GIVEN DATA ::
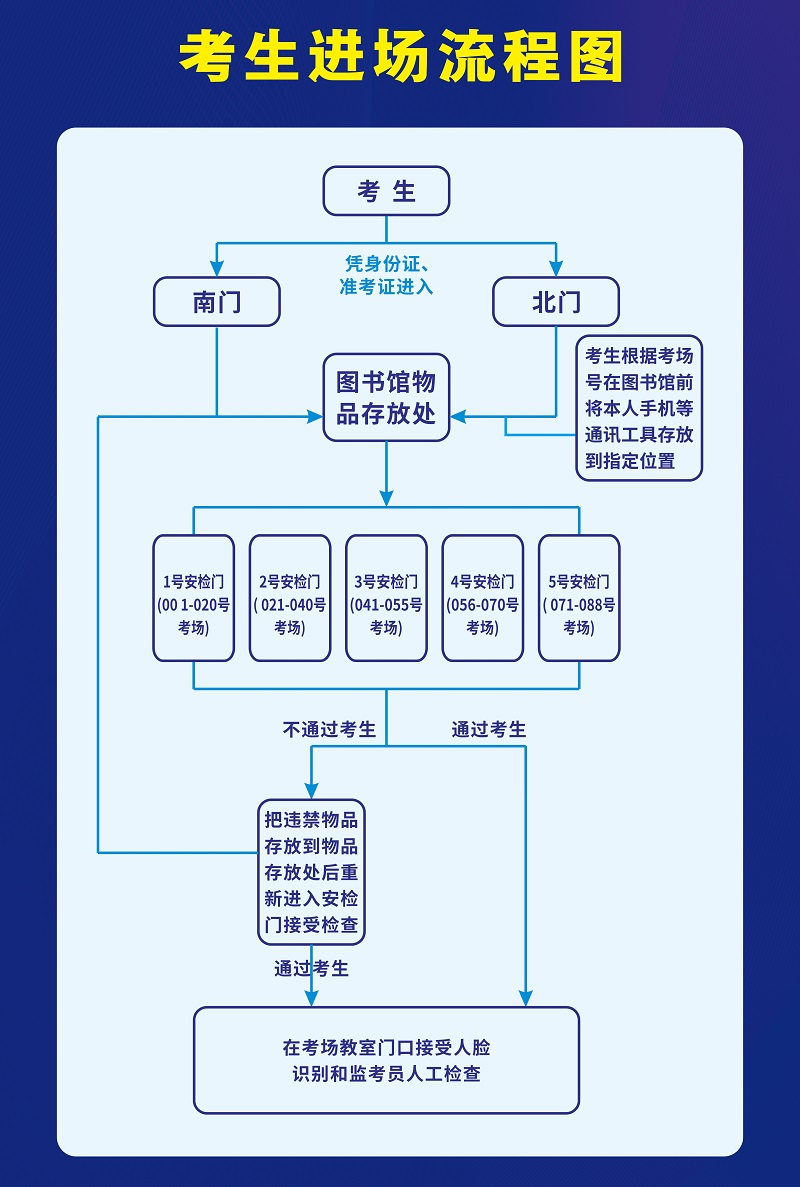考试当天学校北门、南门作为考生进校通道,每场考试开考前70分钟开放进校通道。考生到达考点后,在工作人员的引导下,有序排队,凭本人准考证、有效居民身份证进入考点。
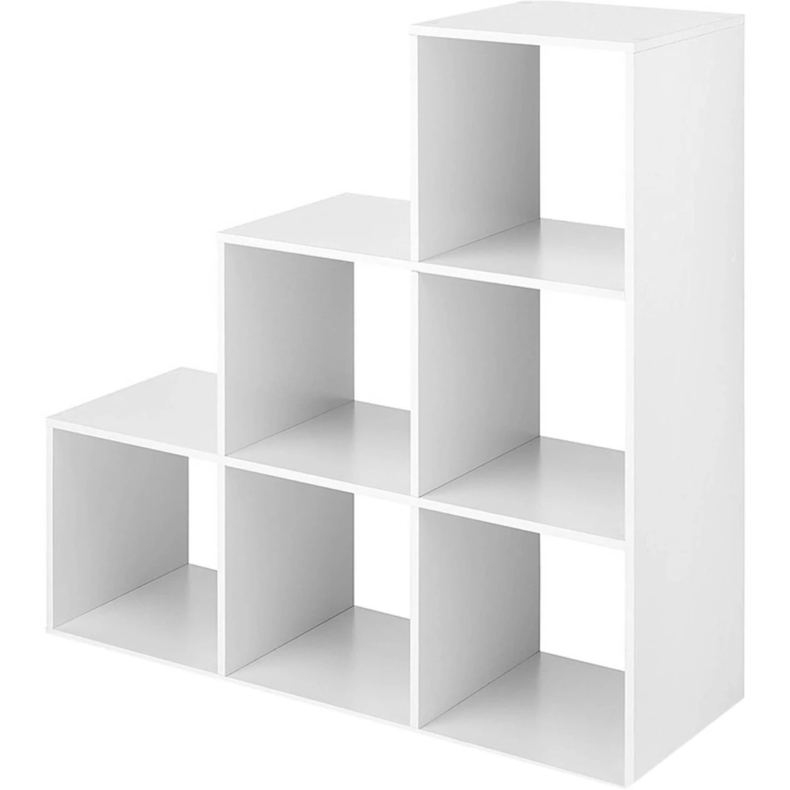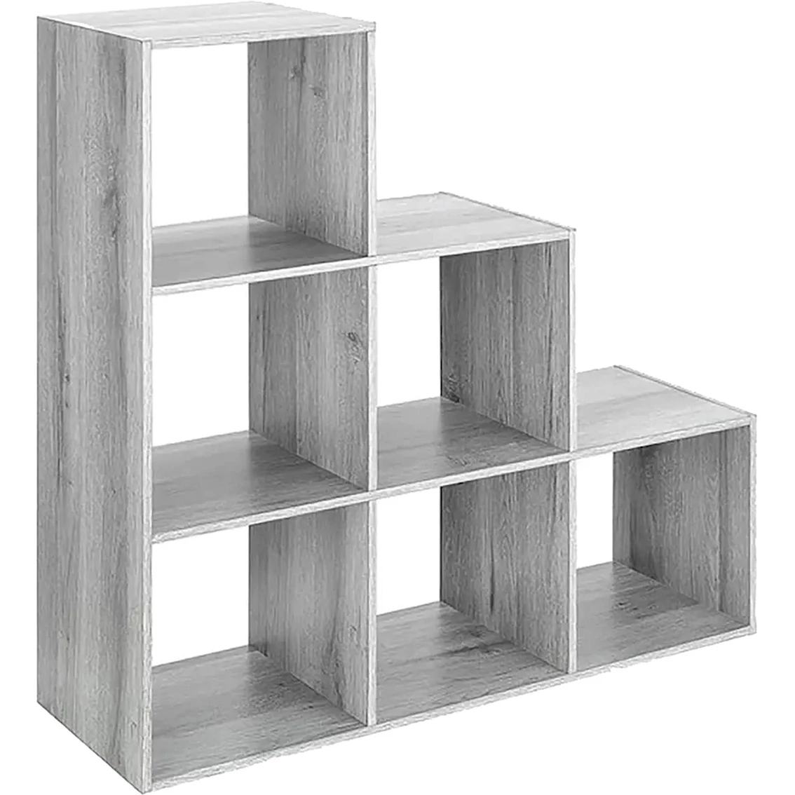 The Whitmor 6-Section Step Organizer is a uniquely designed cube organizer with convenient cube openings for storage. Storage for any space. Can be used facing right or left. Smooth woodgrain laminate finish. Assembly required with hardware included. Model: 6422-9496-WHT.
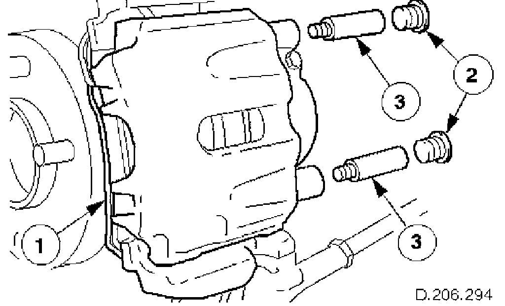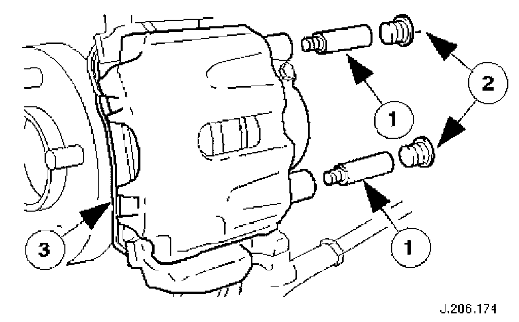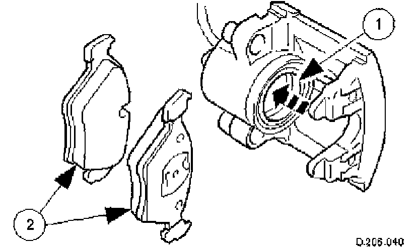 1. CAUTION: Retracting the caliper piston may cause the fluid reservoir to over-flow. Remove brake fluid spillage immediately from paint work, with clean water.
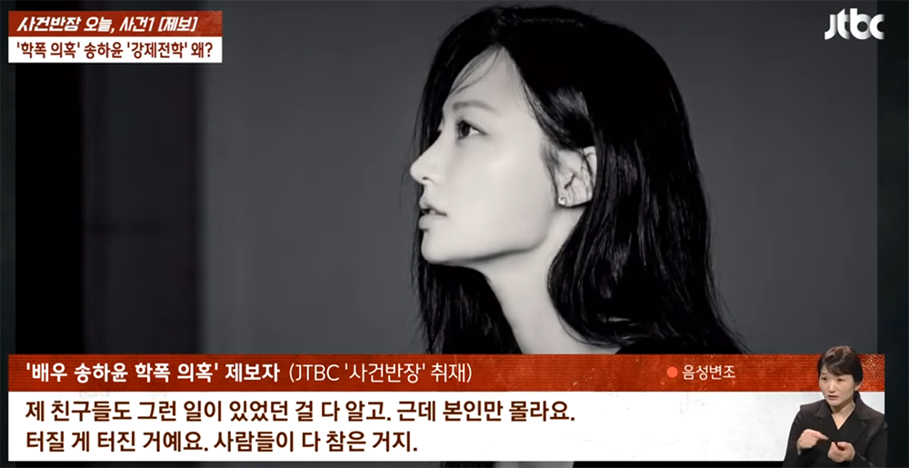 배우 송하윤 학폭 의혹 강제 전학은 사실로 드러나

WHAT YOU ARE ASKED TO DO :: Reproduce exactly the lines from the one with "1. CAUTION: Retracting" to the bottom of the listing, both ends included, and nothing else. Skip the pictures.

YOUR RESPONSE ::
 1. CAUTION: Retracting the caliper piston may cause the fluid reservoir to over-flow. Remove brake fluid spillage immediately from paint work, with clean water.
 배우 송하윤 학폭 의혹 강제 전학은 사실로 드러나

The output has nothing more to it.